STORED DATA START

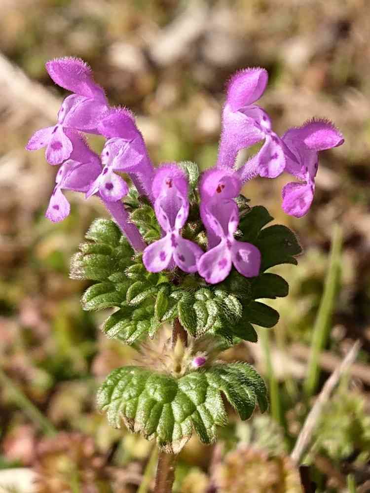 シソ科オドリコソウ属の2年草。道端、空き地、土手など至るところで見かけるが帰化植物ではなく在来種。根にVA菌(💬根の内部に潜り込み、糖分などをもらう代わりに、貧しい土壌から水分と養分を探して供給する微生物。花作りに不可欠なリンの回収が得意)が共生するため痩せ地にも生える。長さ約2㎝の濃いピンク色の唇形花が咲く。花には上唇と下唇があり、下唇には昆虫への蜜標となる模様が入る。花期は春だが、暖地や日当たりのよい場所では冬でも開花している。濃い紫色の小さな球形の部分は花が開かず自家受粉して種を作る閉鎖花で、冬は特に多い。種にはエライオソームが付いていてアリが運ぶ。
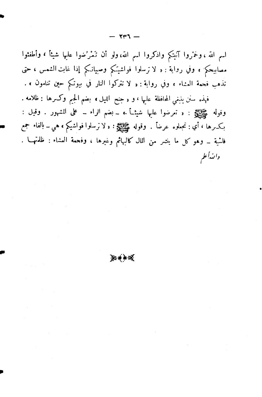 فَهَذِهِ سُنَنٌ يَنْبَغِي الْمُحَافَظَةُ عَلَيْهَا، وَجُنْحُ اللَّيْلِ بِضَمِّ الْجِيمِ وَكَسْرِهَا: ظَلَامُهُ. وَقَوْلُهُ صَلَّى اللَّهُ عَلَيْهِ وَسَلَّمَ: «تَعْرُضُوا عَلَيْهَا شَيْئًا» - بِضَمِّ الرَّاءِ - عَلَى الْمَشْهُورِ. وَقِيلَ: بِكَسْرِهَا، أَيْ: تَجْعَلُوهُ عَرْضًا. وَقَوْلُهُ صَلَّى اللَّهُ عَلَيْهِ وَسَلَّمَ: «لَا تُرْسِلُوا فَوَاشِيَكُمْ» هِيَ - بِالْفَاءِ جُمَعُ فَاشِيَةٍ - وَهُوَ كُلُّ مَا يُنْشَرُ مِنَ الْمَالِ كَالْبَهَائِمِ وَغَيْرِهَا، وَفُحْمَةُ الْعِشَاءِ: ظُلْمَتُهَا. وَاللَّهُ أَعْلَمُ.
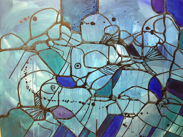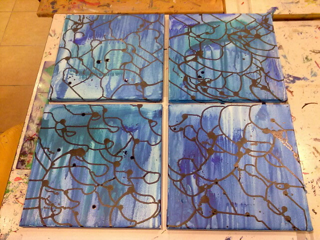 Die in diesem Projekt eingesetzte Technik macht sich die wunderbaren Fließeigenschaften und Wasserfestigkeit der Chinatusche zunutze. Diese wird reichlich auf den Bildträger getropft. Durch mehr oder weniger zufallsgesteuertes Kippeln und Drehen zerfließt die Tusche und ›knüpft‹ so ein nicht vorhersehbares Tintennetz. Die so entstandenen bizarren Formen, die nun nicht mehr wesentlich verändert werden dürfen, inspirieren alsdann zur Interpretation:

STORED DATA END

§ **EXERCISE**: Exactly as written above, print every line of the data but not its pictures.

§ **COMPLETED EXERCISE**:
 シソ科オドリコソウ属の2年草。道端、空き地、土手など至るところで見かけるが帰化植物ではなく在来種。根にVA菌(💬根の内部に潜り込み、糖分などをもらう代わりに、貧しい土壌から水分と養分を探して供給する微生物。花作りに不可欠なリンの回収が得意)が共生するため痩せ地にも生える。長さ約2㎝の濃いピンク色の唇形花が咲く。花には上唇と下唇があり、下唇には昆虫への蜜標となる模様が入る。花期は春だが、暖地や日当たりのよい場所では冬でも開花している。濃い紫色の小さな球形の部分は花が開かず自家受粉して種を作る閉鎖花で、冬は特に多い。種にはエライオソームが付いていてアリが運ぶ。
 فَهَذِهِ سُنَنٌ يَنْبَغِي الْمُحَافَظَةُ عَلَيْهَا، وَجُنْحُ اللَّيْلِ بِضَمِّ الْجِيمِ وَكَسْرِهَا: ظَلَامُهُ. وَقَوْلُهُ صَلَّى اللَّهُ عَلَيْهِ وَسَلَّمَ: «تَعْرُضُوا عَلَيْهَا شَيْئًا» - بِضَمِّ الرَّاءِ - عَلَى الْمَشْهُورِ. وَقِيلَ: بِكَسْرِهَا، أَيْ: تَجْعَلُوهُ عَرْضًا. وَقَوْلُهُ صَلَّى اللَّهُ عَلَيْهِ وَسَلَّمَ: «لَا تُرْسِلُوا فَوَاشِيَكُمْ» هِيَ - بِالْفَاءِ جُمَعُ فَاشِيَةٍ - وَهُوَ كُلُّ مَا يُنْشَرُ مِنَ الْمَالِ كَالْبَهَائِمِ وَغَيْرِهَا، وَفُحْمَةُ الْعِشَاءِ: ظُلْمَتُهَا. وَاللَّهُ أَعْلَمُ.
 Die in diesem Projekt eingesetzte Technik macht sich die wunderbaren Fließeigenschaften und Wasserfestigkeit der Chinatusche zunutze. Diese wird reichlich auf den Bildträger getropft. Durch mehr oder weniger zufallsgesteuertes Kippeln und Drehen zerfließt die Tusche und ›knüpft‹ so ein nicht vorhersehbares Tintennetz. Die so entstandenen bizarren Formen, die nun nicht mehr wesentlich verändert werden dürfen, inspirieren alsdann zur Interpretation:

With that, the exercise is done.